(Supplied records)
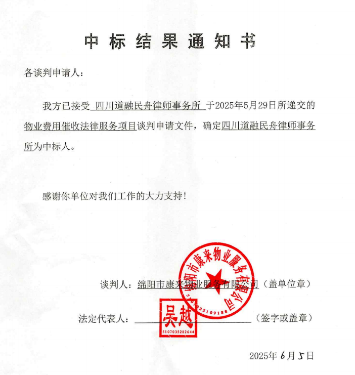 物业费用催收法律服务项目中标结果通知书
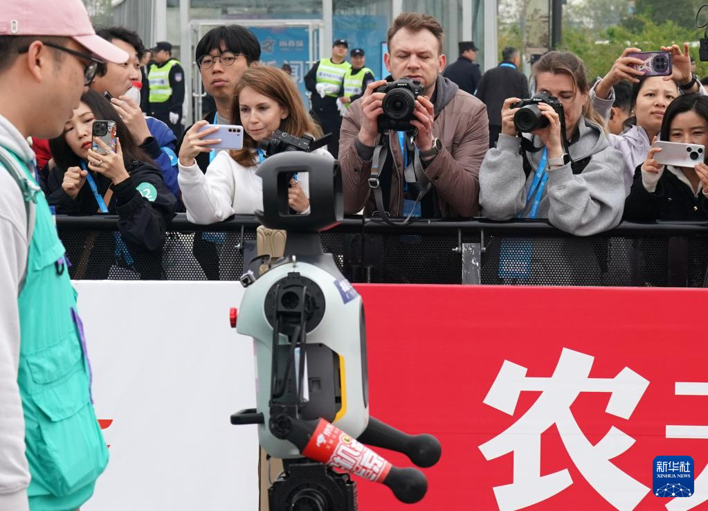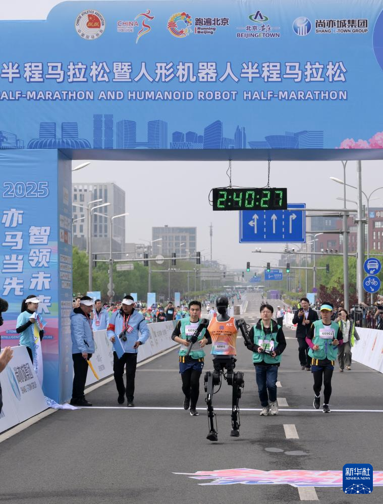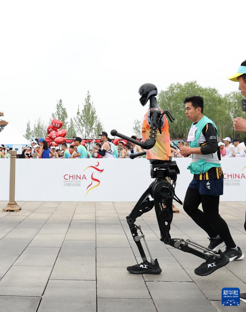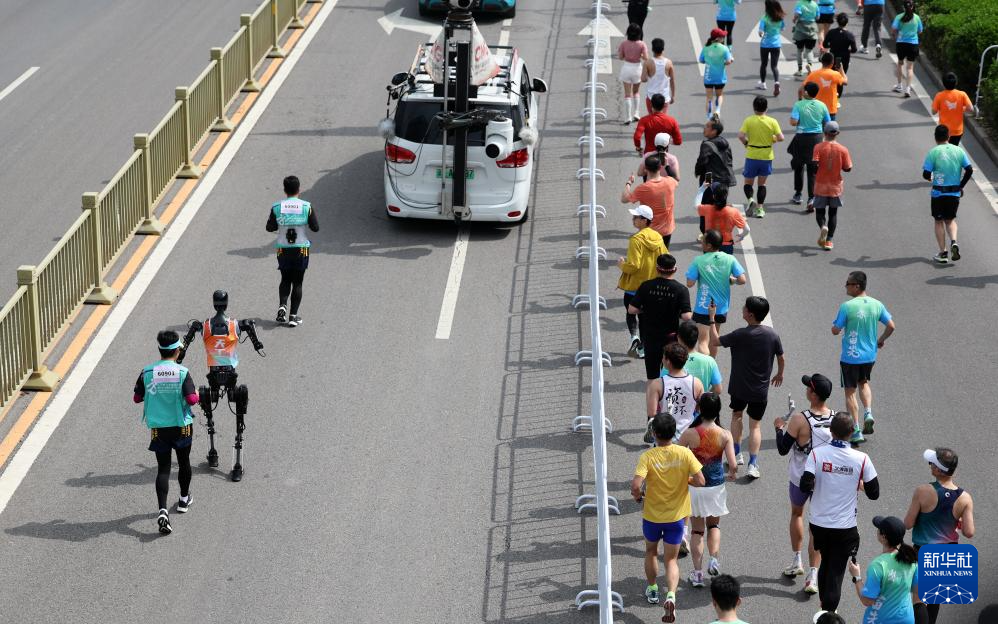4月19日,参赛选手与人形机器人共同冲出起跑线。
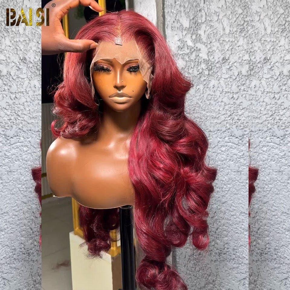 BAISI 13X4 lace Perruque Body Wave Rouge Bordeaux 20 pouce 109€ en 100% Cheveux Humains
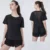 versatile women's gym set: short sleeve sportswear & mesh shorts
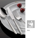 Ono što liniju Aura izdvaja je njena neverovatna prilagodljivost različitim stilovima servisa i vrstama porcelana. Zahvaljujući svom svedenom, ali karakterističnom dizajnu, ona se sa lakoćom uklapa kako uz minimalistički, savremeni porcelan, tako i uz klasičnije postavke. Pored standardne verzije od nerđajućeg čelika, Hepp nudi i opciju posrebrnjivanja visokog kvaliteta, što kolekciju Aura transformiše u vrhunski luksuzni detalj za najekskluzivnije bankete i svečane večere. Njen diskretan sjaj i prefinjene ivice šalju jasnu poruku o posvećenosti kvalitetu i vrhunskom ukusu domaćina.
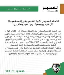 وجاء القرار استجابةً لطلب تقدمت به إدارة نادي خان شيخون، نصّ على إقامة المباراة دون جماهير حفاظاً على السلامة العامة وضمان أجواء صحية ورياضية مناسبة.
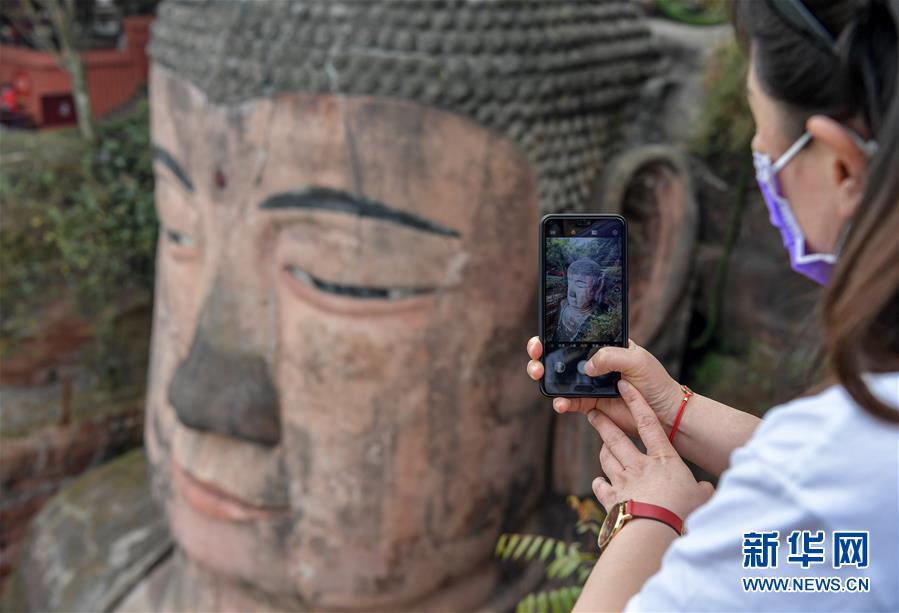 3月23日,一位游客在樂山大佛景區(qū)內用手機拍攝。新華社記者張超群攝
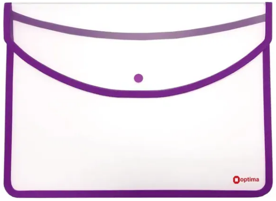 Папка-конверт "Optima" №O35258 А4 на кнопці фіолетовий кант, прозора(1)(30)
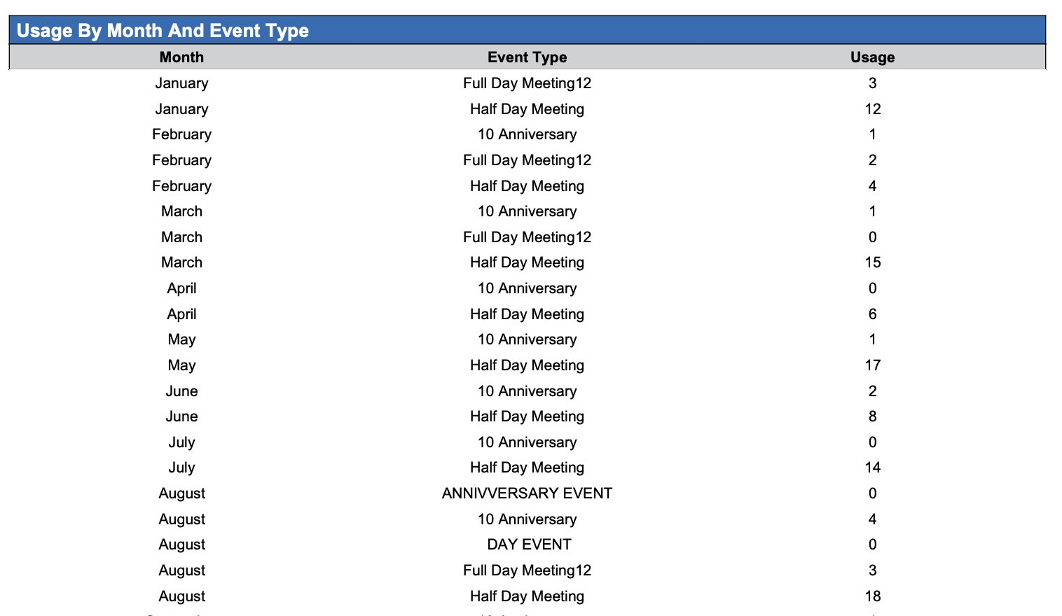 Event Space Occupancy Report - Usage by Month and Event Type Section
(End Supplied records)
What the task asks: Reproduce the material above in full, images excluded.

Solution to the exercise:
 物业费用催收法律服务项目中标结果通知书
4月19日,参赛选手与人形机器人共同冲出起跑线。
 BAISI 13X4 lace Perruque Body Wave Rouge Bordeaux 20 pouce 109€ en 100% Cheveux Humains
 versatile women's gym set: short sleeve sportswear & mesh shorts
 Ono što liniju Aura izdvaja je njena neverovatna prilagodljivost različitim stilovima servisa i vrstama porcelana. Zahvaljujući svom svedenom, ali karakterističnom dizajnu, ona se sa lakoćom uklapa kako uz minimalistički, savremeni porcelan, tako i uz klasičnije postavke. Pored standardne verzije od nerđajućeg čelika, Hepp nudi i opciju posrebrnjivanja visokog kvaliteta, što kolekciju Aura transformiše u vrhunski luksuzni detalj za najekskluzivnije bankete i svečane večere. Njen diskretan sjaj i prefinjene ivice šalju jasnu poruku o posvećenosti kvalitetu i vrhunskom ukusu domaćina.
 وجاء القرار استجابةً لطلب تقدمت به إدارة نادي خان شيخون، نصّ على إقامة المباراة دون جماهير حفاظاً على السلامة العامة وضمان أجواء صحية ورياضية مناسبة.
 3月23日,一位游客在樂山大佛景區(qū)內用手機拍攝。新華社記者張超群攝
 Папка-конверт "Optima" №O35258 А4 на кнопці фіолетовий кант, прозора(1)(30)
 Event Space Occupancy Report - Usage by Month and Event Type Section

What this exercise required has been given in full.